Hero (2002)

Brief synopsis: A defense officer, Nameless, was summoned by the King of Qin regarding his success of terminating three warriors.

For more info and to watch the trailer, click here: http://www.imdb.com/title/tt0299977/?ref_=fn_al_tt_1

Whose chose it: Brent

Why I chose it: I picked this movie for two reasons. First, I wanted to include some foreign entries on my list in the hopes of getting a more diverse set of films throughout the year. Second, I had seen this film (albeit nearly 15 years ago) and recalled the visuals and fight scenes to be quite breathtaking, so I wanted to see it again.

Leah’s Review:

Typically, movies of the “martial-arts” variety do not appeal to me. Not that I don’t think Karate or Kung Fu isn’t fascinating, but most movies featuring martial arts always strike me as looking a little tacky or over-the-top (with the exception of Rush Hour which, of course, is a cinema masterpiece). However, I was intrigued by “Hero”. The clips I had seen from it featured gorgeous cinematography (you’ll find from this blog that I am a sucker for a movie with beautiful cinematography) and spectacular fight scenes. I also knew that Quentin Tarantino was attached to the movie (he promoted it in the U.S. since it was only popular in Asia) and I’ve always found work that he is involved with to be interesting and entertaining.

If you’re someone who like a good story-line, “Hero” may not be for you. It’s a simple enough plot, but you won’t find much dialogue and at times, it can be hard to follow. The story of the hero, Nameless (played by the talented Jet Li), is told from three different perspectives- his own, the King’s, and lastly- the perspective of what really happened. This gets confusing at times especially if you’re not paying close attention.

The best part about “Hero” is undoubtedly its cinematography. Every shot is beautifully done and every scene looks like a work of art. Each part of the story has a different color scheme (which I find to be absolutely captivating) and uses the natural elements of each environment to make each scene unique and memorable. With well-choreographed and sometimes truly unbelievable (as in, the characters are literally flying in the air at times) fight scenes, it can come off as being over-the-top, but not so if you are able to suspend your imagination. It’s fantasy at its best.

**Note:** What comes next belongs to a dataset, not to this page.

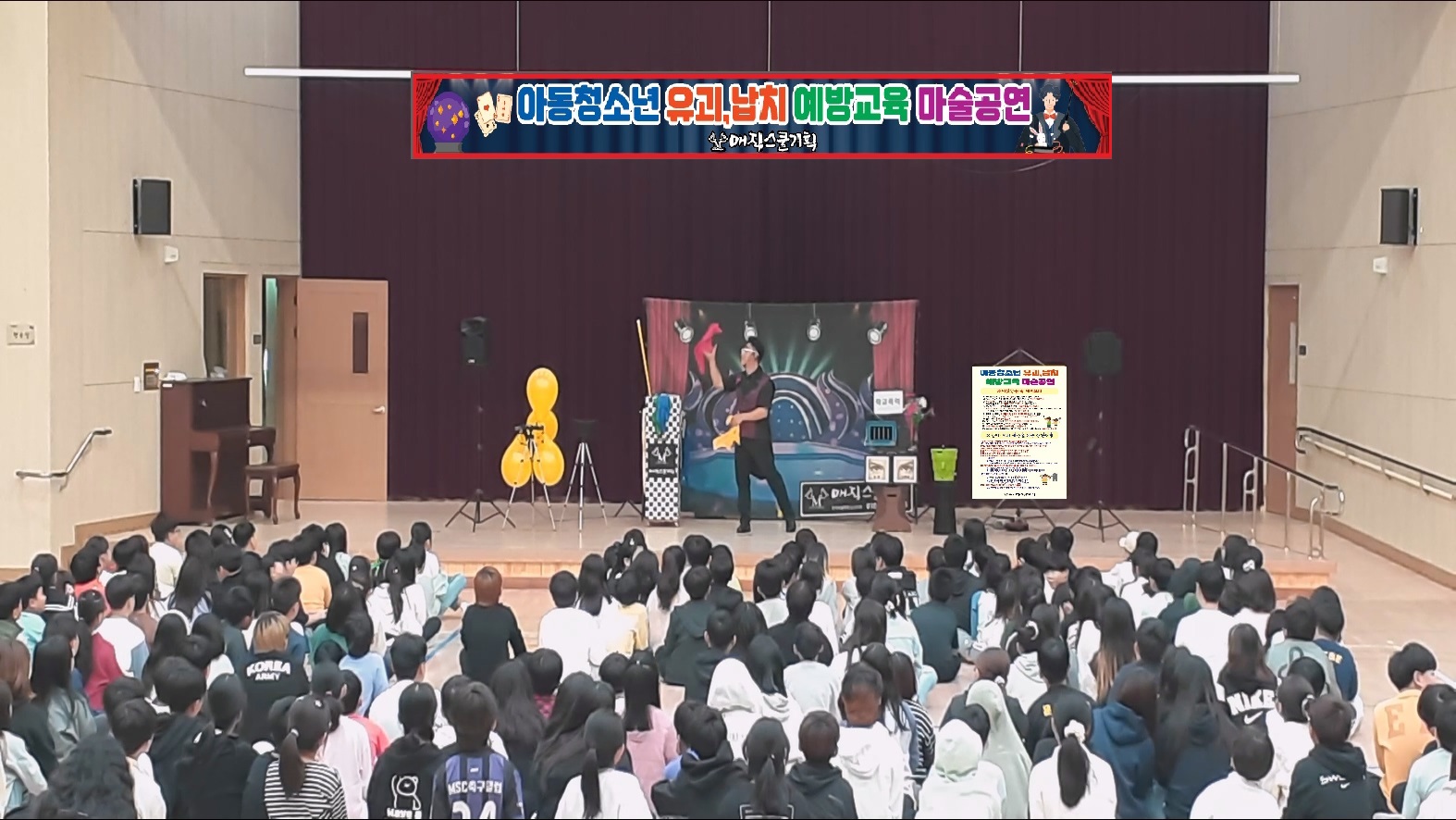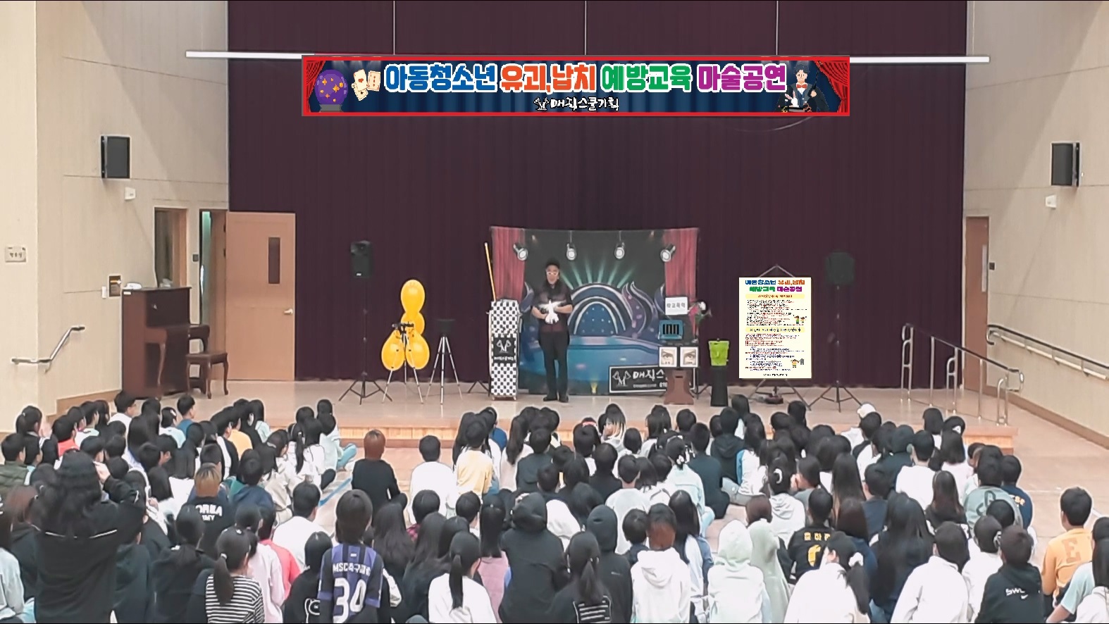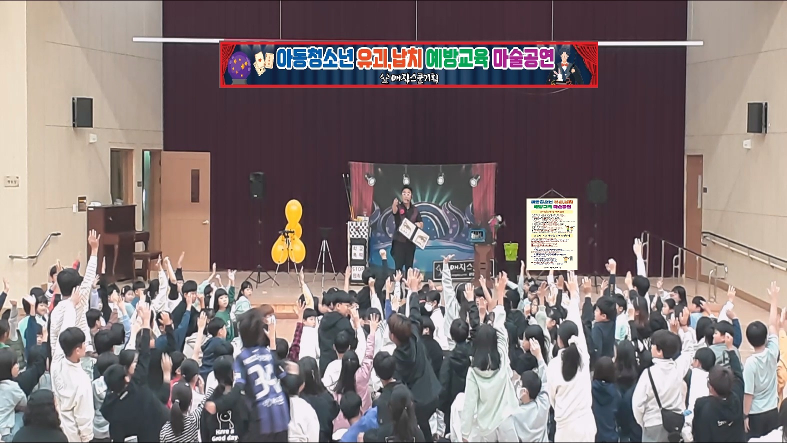 오늘 서울특별시 00초등학교 강당에서는 특별한 유괴,납치 예방교육 마술공연이 열렸습니다. 전교생을 대상으로 한 이번 행사는 학생들과 교사 모두에게 큰 호응을 받으며 성공적으로 마무리되었습니다.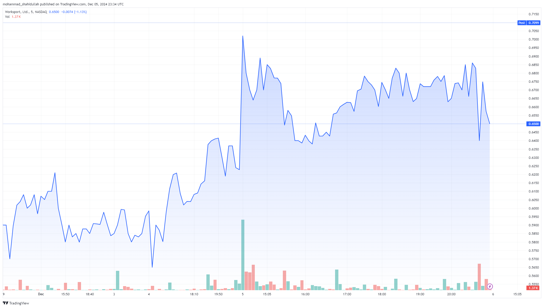 Sponsoredبعد الإعلان، ارتفع سهم ووركسبورت (WKSP) بأكثر من 6% في 5 ديسمبر. شهد سهم الشركة خسائر طوال العام، حيث انخفض بأكثر من 50% منذ بداية العام.

I don’t really see this “Hero” as being something to be appreciated for its story line or character development (I could be mistaken). It’s more like a piece of masterful artwork that is to be admired. It’s a treat for the eyes. You may not come away from watching it gaining any new insights, but I think it’s a hour and a half well spent.

Brent’s Review:

“Hero” is a Chinese film with an emphasis on martial arts — particularly sword fighting and wire-fighting — as a means of storytelling. It is directed by Yimou Zhang, who is known for his colorful visual palette and his work within this particular genre. “Hero” is certainly a genre film, but I was surprised on my second viewing just how deeply the story is laced within the superficial aspects that originally attracted me to the story.

I want to establish a clear truth about “Hero”: it’s no secret that the reason you will want to see this film is because of its excellence in the areas of cinematography and choreography. On a technical level, the fight scenes are superb and inventive; every fight scene has a unique color style and visual trick. Without giving away plot details, I will say that the film revolves around four assassins and these same four assassins fight each other several times. Each rendition of these battles, however, adds a unique twist that changes the impact of the scene, whether they be a wrinkle in the staging, blocking, or color scheme used. No two battles are the same and they are always entertaining.

But it is in my repeat viewing that I noticed how layered the film is. Zhang’s blocking of each scene emphasizes the beautiful details often overlooked in a traditional “action” set piece. The film’s first fight, for instance, often cuts away to show the details of the surrounding, even as we hear the metal of the swords crash into each other in the background. As the movie progresses, the swordplay starts to look less like battles and more like sword-dancing, with each dance featuring new steps, rhythms, and notes than the ones that came before them.

The pacing of the film recalls the classic Sergio Leone western “The Good, the Bad, and the Ugly.” Tension is built slowly and deliberately and the payoffs are milked for all their value. For another nod and wink to Leone’s work, even the main character is called “Nameless”, recalling Eastwood’s “Man with No Name” character. Whether the inspiration was intentional I do not know, but this American viewer can spot the similarities.

“Hero” is not a film you would wish to see for the acting, but I was impressed by the performances of Tony Leung Chiu-Wai as “Broken Sword” and Maggie Cheung Man-Yuk as “Flying Snow”. The two characters play assassins and lovers — the two pieces of their relationship intertwine several times throughout the film and help deliver a beautiful climax that, in my opinion, overshadows the dominant narrative. I’m excited I will get a chance to see these two actors again later this year in “In the Mood For Love”.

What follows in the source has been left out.